Chris Lingard chris at stockwith.co.uk
Sat Sep 8 21:21:07 CEST 2007


Peter Stuge wrote:
> On Fri, Sep 07, 2007 at 06:46:17PM +0100, Chris Lingard wrote:
>> Gigabyte have told me that the BIOS chip is made by SST, and the
>> model name is SST25LF040A BIOS ROM which is PLCC32 type.
> 
> Nonsense, I'm afraid.
> 
> SST25LF040A is only available in 8-contact packages. (SOIC and WSON)
> 
> Whoever you had contact with at Gigabyte didn't know about the
> different revisions of the board and their differences.
> 
> 
>> I am now very confused because I have PLCC32 sockets and these are
>> nothing like the BIOS chip which has 8 connections.
>>
>> (I have two PLCC32 sockets and four unused flash chips to give away,
>> if they are no use to this version of the motherboard).
> 
> Correct, since you don't have PLCC chips you have the revision with
> SOIC chips.
> 
> 
>> I will probably try to source some of these chips, just in case the
>> rest of the problems can be solved.
> 
> The hardware part is solved, but there's no support for flashing
> in flashrom yet, you would have to reboot into another OS (DOS or
> Windows) and use the Gigabyte-supplied flashing utility.
> 
> 
> For the hardware mod you would need:
> 
> 1x SST25LF040A or MX25L4005A
> 2x 100k resistors (0.125W ones are good size-wise)
> 1x SPDT (single pole dual throw) switch (break-before-make or
> make-before-break doesn't matter much - neither will reliably allow
> the switch to be flipped while the flash chip is being accessed.)
> 
> See http://stuge.se/m57sli_soic_detail_labels.jpg for contact names.
> 
> 1. Lift the U5-CS# pin from the board.
> 2. Solder 1x 100k resistor between U5-VCC and the lifted U5-CS# pin.
> 3. Solder the center contact on the switch to the U5-CS# pad on the
> mainboard.
> 4. Solder one outer contact on the switch to the U5-CS# pin, where
> one end of the resistor in step 2 is also soldered.
> 5. Solder the new flash chip to the U9 pads.
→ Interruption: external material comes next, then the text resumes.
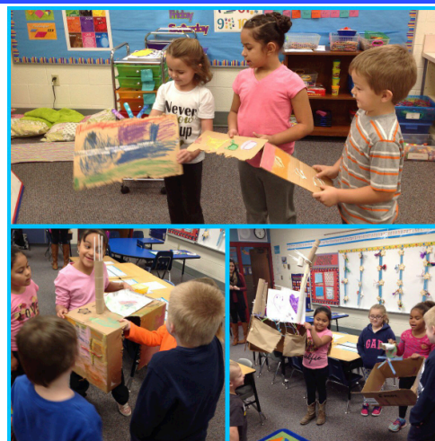
“The Box Project” – Each group designed and created an object out of a box. Groups created: a TV with remotes, a cat and cat house, a coo-coo clock, a house, a rocket, and an helicopter

Note pin 1! There should
> be a marking on the flash chip near one corner pin, that's pin 1,
> U9-CS#.
> 6. Lift U9-CS# from the board. (Or just don't solder it in step 5.)
> 7. Solder 1x 100k resistor between U9-VCC and the lifted U9-CS# pin.
> 8. Solder the second outer contact on the switch to the U9-CS# pin,
> where one end of the resistor in step 7 is also soldered.
> 
> Done! Now the switch controls which of U5 and U9 is actually
> selected when the super io wants to access the flash chip.
> 
> 
> You could get a biased (spring-loaded) switch in order to help
> avoiding accidentally leaving the system running with the factory
> BIOS chip selected when you're doing LB work - so that the next
> flashing operation does not overwrite the wrong chip. You would need
> to hold the switch while booting the factory BIOS, but that may be
> worthwhile if you can't easily redo the soldering work if both flash
> chips contain junk.
> 
> 
> //Peter

Thank you, that is brilliant.

OK, two PLCC32 sockets and four unused flash chips free to good home :-)
Apply by email, (or 2 sets of one socket and two chips).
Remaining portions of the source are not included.